CJ-Wright commented 6 years ago

I think that part of this is wrapped up in https://github.com/regro/cf-scripts/issues/53, since it is difficult to know exactly what kind of stress to expect on the system without some ballpark numbers. The whole bootstrap of the system also exaggerates some things (since we max out the CI time on every run of 03).

Currently we are clearing about 20 feedstocks per run with 03 and all the feedstocks with the others (although we'll fall behind when we hit 5000 feedstocks on 01).

I'm not opposed to moving this to a webservice, but the notification wrangling could be hard.

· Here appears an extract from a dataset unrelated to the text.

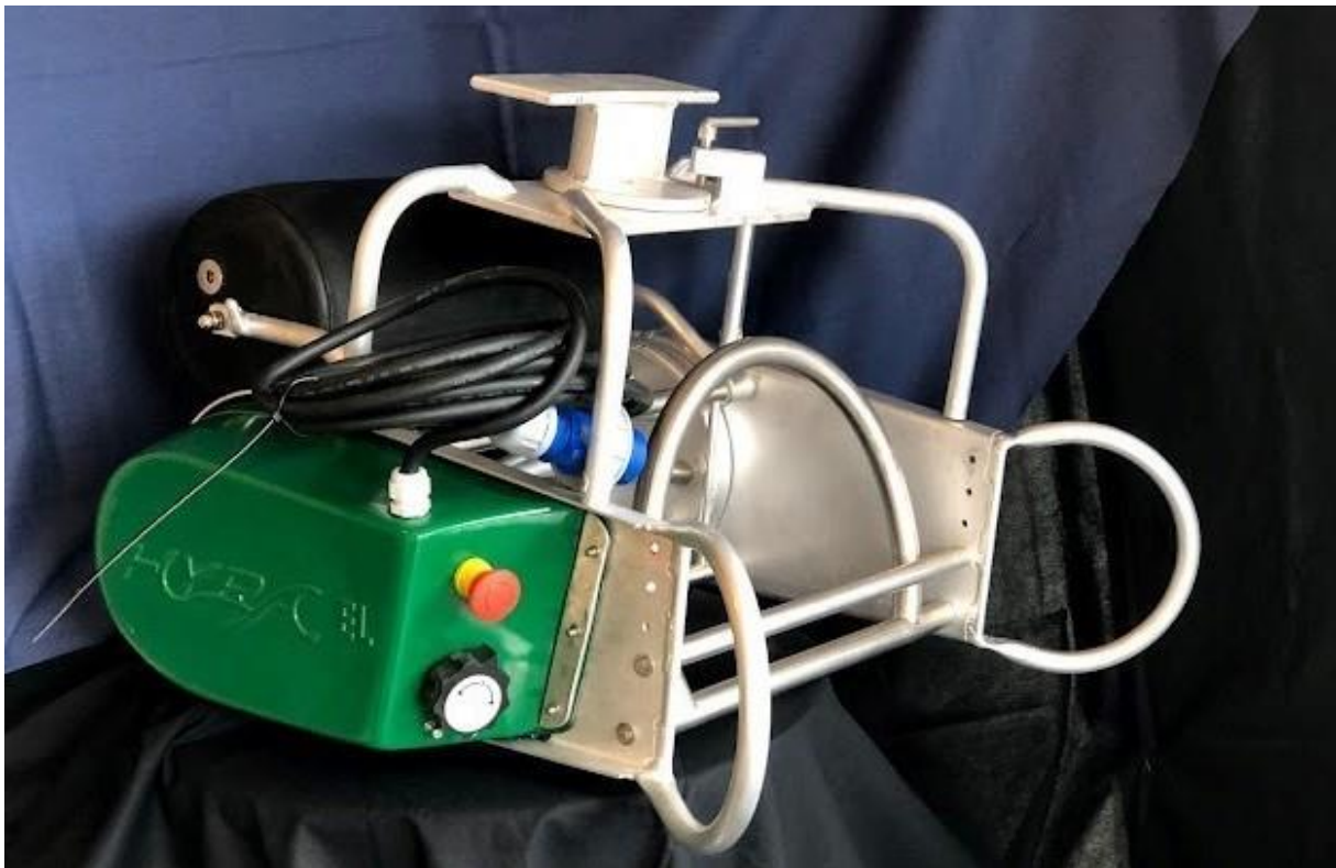
Hyra Minigarngreier 400EL 12V

Nb: Hyra Minigarngreier 400EL® er et elektrisk redskap. Sjekk alltid ledningen for skader/brudd ofte.

We also could do this in steps/build a hybrid system: 00 can be removed with a hook on staged (or via the feed, https://github.com/regro/cf-scripts/issues/38) 01 can be removed with a hook on all the feedstocks when PRs are merged (or via the feed, https://github.com/regro/cf-scripts/issues/38) 02 might be the most difficult to remove since listening for new releases from PYPI, CRAN, and GitHub may be difficult. 03 I'm less certain about, since I don't know what triggers it (I guess whatever triggers 02). If we can find a trigger for 02 then 02 and 03 could be merged.

jakirkham commented 6 years ago

Honestly our experience doing this at conda-forge has taught us that the system ends up being less stressed when converted from batch to a webservice. If you think about it a bit, this actually makes sense. The reason being updates in a web service don't all come at once in a big batch (this could be re-renderings, updating Circle SSH keys, or package updates). Instead they are sprinkled throughout the days at various times. The result ends up being things stay pretty light and the system handles events right away, which makes the whole thing more maintainable.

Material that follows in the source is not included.